The very supervision is a management function. Unfortunately, there is no clear
separation between control and supervision functions in the Russian management
and its legal regulation. The analysis of the Federal law of 17 January 1992 No
2202-1 does not allow to identify the essence of the supervising activity: what
is the observation, the checking?
The
inadmissibility of intervention of public authorities in prosecutor's office
activities (Art. 5 of the Federal law of 17 January 1992 No 2202-1) is
unbalanced by certain restrictions. Requirements about the transparency of
administrative processes do not apply
to the prosecutor's office which is not a body of power. From this position,
outside the legal framework there are test actions of the prosecutor's office
of public authorities.
From this position,
actions of the public prosecution checking public authorities are found outside
the legal framework. According to, p. 2 art. 21 of the Federal Law of 17
January 1992 No 2202-1 checks of the law execution are carried out on the basis
of the prosecutorial authorities receiving information about violations of laws
that require the prosecution to take action[v].

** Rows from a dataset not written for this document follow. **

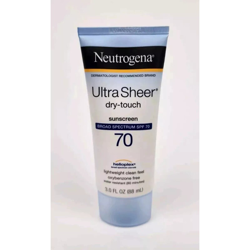 - 3-fluid ounce travel size bottle of Neutrogena Ultra Sheer Dry-Touch Non-Greasy Sunscreen with SPF 70 for broad spectrum UVA/UVB protection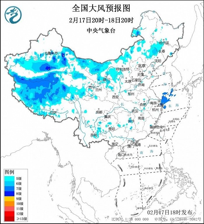 預計,2月17日20時至18日20時,新疆北疆東部和南疆盆地、西藏中西部、青海西部和北部、甘肅河西、內蒙古中西部、吉林西部等地將有5~7級、陣風8~9級的大風。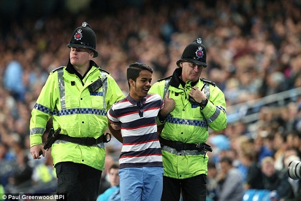 The supporter was eventually whisked away in handcuffs by policemen, for breaching security rules.
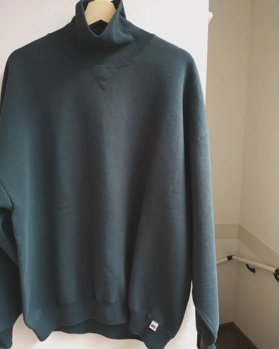 - 即決 90年代 ラッセル USA製 XXL ビンテージ スウェット タートルネック グリーン 無地 チャンピオン リバース リーバイス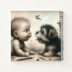 Bébé est face à face avec un chiot Yorkie. Après que leurs yeux se rencontrent, ils sont étrangement fascinés l'un par l'autre. Deux oiseaux en arrière-plan. Parfait pour un cadeau de fête des mères ou un cadeau d'anniversaire pour une nouvelle maman.
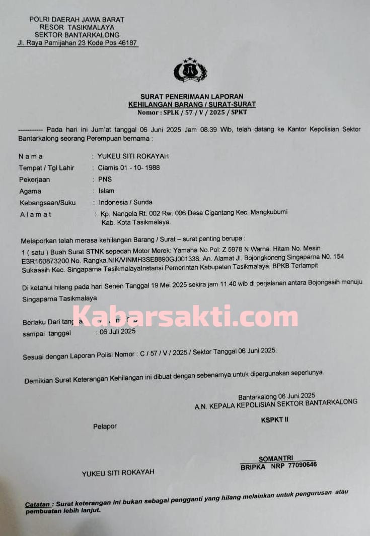 Tasikmalaya, KabarSakti.com – Yukeu Siti Rokayah, seorang Pegawai Negeri Sipil (PNS) yang tinggal di Kampung Nangela RT 02/06, Desa Cigantang, Kecamatan Singaparna, Tasikmalaya, Jawa Barat, melaporkan kehilangan Surat Tanda Nomor Kendaraan (STNK) miliknya, Sabtu 7 Juni 2025.

However, the procedure of obtaining such information, the activity definition
on the elicited facts are not legislatively settled. Besides, recently there
was a situation that public prosecutor's supervision was exercised without a
binding to the concrete facts of violation of laws, test actions representing a
continuous control of activity (for example, for calendar year). In a difficult
situation there were territorial bodies of the federal authority which
exercised powers in two and more subjects. They experienced the supervising
influence of prosecutors of territorial subjects of the Russian Federation
where powers are realized, and also departments of the Prosecutor General's
office in the federal districts coordinating plans of test actions. The
activities can be carried out on the same basis.
In the
administrative sphere it is possible to allocate the following reasons of the
competition.
Firstly, there is a weak legal basis
of state and administrative activity. Secondly, there is the historically
developed distortion in favor of executive power.
Thirdly, one of the main reasons is
the redistribution of public flows of funds. For any state organ funds are
appropriated. From this point of view, the system of state bodies became
similar to a financial pyramid.
In view of the
aforementioned points it is possible to draw the following conclusions.
Firstly, the
norms of the Constitution of state administration should be reviewed in terms
of the system linkages.
Secondly, the
recognition of the competition within the state administration system as
existing, but unacceptable, will require decision-making for the problem
elimination.
Thirdly, the
operational and administrative activity in the country should not depend on the
policy, and should be directed towards the organization of social life.
[i] About protection of the competition:
Federal law of 26 July 2006 No 135-FL (edition of 01 March 2011) // Code of
laws of the Russian Federation. 2006. No 31 (Part 1). Art. 3434; 2011. No 10.
Art. 1281.
[ii] Code of laws of the Russian Federation. 2009 . No 4. Art. 445.
[iii] See: The government regulation of the Russian Federation of 1 June 2004 No
260 (edition of 15 May 2010) "About Regulations of the Government of the
Russian Federation and the Provision on the Russian Government Office" //
Code of laws of the Russian Federation. 2004. No 23. Art. 2313.
[iv] About the public prosecution of the Russian
Federation: Federal law of 17 January 1992 No 2202-1 (edition of 21 November
2011) // Code of laws of the Russian Federation. 1995. No 47. Art. 4472; 2011.
No 48. Art. 6730.
[v] Code of laws
of the Russian Federation. 1995. No 47. Art. 4472; 2011. No 48. Art. 6730.